The Plan Administrator will open an account for each common shareholder under the Plan in the same name in which such common shareholder’s common shares are registered. Whenever the Fund declares a dividend or other distribution (together, a “Dividend”) payable in cash, non-participants in the Plan will receive cash and participants in the Plan will receive the equivalent in common shares. The common shares will be acquired by the Plan Administrator for the participants’ accounts, depending upon the circumstances described below, either (i) through receipt of additional unissued but authorized common shares from the Fund (“Newly Issued Common Shares”) or (ii) by purchase of outstanding common shares on the open market (“Open-Market Purchases”) on the New York Stock Exchange or elsewhere. If, on the payment date for any Dividend, the closing market price plus estimated brokerage commission per common share is equal to or greater than the net asset value per common share, the Plan Administrator will invest the Dividend amount in Newly Issued Common Shares on behalf of the participants. The number of Newly Issued Common Shares to be credited to each participant’s account will be determined by dividing the dollar amount of the Dividend by the net asset value per common share on the payment date; provided that, if the net asset value is less than or equal to 95% of the closing market value on the payment date, the dollar amount of the Dividend will be divided by 95% of the closing market price per common share on the payment date. If, on the payment date for any Dividend, the net asset value per common share is greater than the closing market value plus estimated brokerage commission, the Plan Administrator will invest the Dividend amount in common shares acquired on behalf of the participants in Open-Market Purchases.
If, before the Plan Administrator has completed its Open-Market Purchases, the market price per common share exceeds the net asset value per common share, the average per common share purchase price paid by the Plan Administrator may exceed the net asset value of the common shares, resulting in the acquisition of fewer common shares than if the Dividend had been paid in Newly Issued Common Shares on the Dividend payment date. Because of the foregoing difficulty with respect to Open-Market Purchases, the Plan provides that if the Plan Administrator is unable to invest the full Dividend amount in Open-Market Purchases during the purchase period or if the market discount shifts to a market premium during the purchase period, the Plan Administrator may cease making Open-Market Purchases and may invest the uninvested portion of the Dividend amount in Newly Issued Common Shares at net asset value per common share at the close of business on the Last Purchase Date provided that, if the net asset value is less than or equal to 95% of the then current market price per common share; the dollar amount of the Dividend will be divided by 95% of the market price on the payment date.

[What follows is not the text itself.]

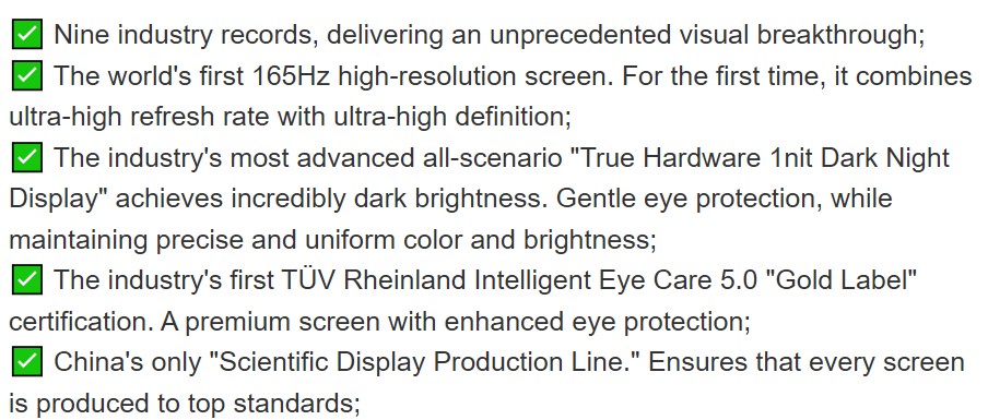 Ze względu na ograniczenia w materiałach luminescencyjnych i technologii obwodów, branża nie jest obecnie w stanie osiągnąć specyfikacji 165 Hz i 2K jednocześnie. Ekran 165 Hz + 1,5K X3 jest optymalnym rozwiązaniem i szczytem technologii wyświetlania w telefonach komórkowych. Wcześniej najwyższą rozdzielczością dla ekranów 165 Hz o ultra wysokiej częstotliwości odświeżania w telefonach komórkowych było tylko 1080p. Ten ekran X3 jest pierwszym w branży ekranem 165 Hz + 1,5K. Po latach weryfikacji rynkowej, ekrany 1,5K stanowią obecnie doskonałą równowagę między najwyższą jakością wyświetlania a wydajnością energetyczną w wielu flagowych telefonach głównych marek, więc nie ma potrzeby martwić się o rzeczywiste wrażenia. Po drugie, ultrawysoka częstotliwość odświeżania 165 Hz zapewnia niespotykaną płynność i jest przyszłością ekranów telefonów komórkowych.

The Plan Administrator maintains all shareholders’ accounts in the Plan and furnishes written confirmation of all transactions in the accounts, including information needed by shareholders for tax records. Common shares in the account of each Plan participant will be held by the Plan Administrator on behalf of the Plan participant, and each shareholder proxy will include those shares purchased or received pursuant to the Plan. The Plan Administrator will forward all proxy solicitation materials to participants and vote proxies for shares held under the Plan in accordance with the instruction of the participants.
There will be no brokerage charges with respect to common shares issued directly by the Fund. However, each participant will pay a pro rata share of brokerage commission incurred in connection with Open-Market Purchases. The automatic reinvestment of Dividends will not relieve participants of any Federal, state or local income tax that may be payable (or required to be withheld) on such Dividends.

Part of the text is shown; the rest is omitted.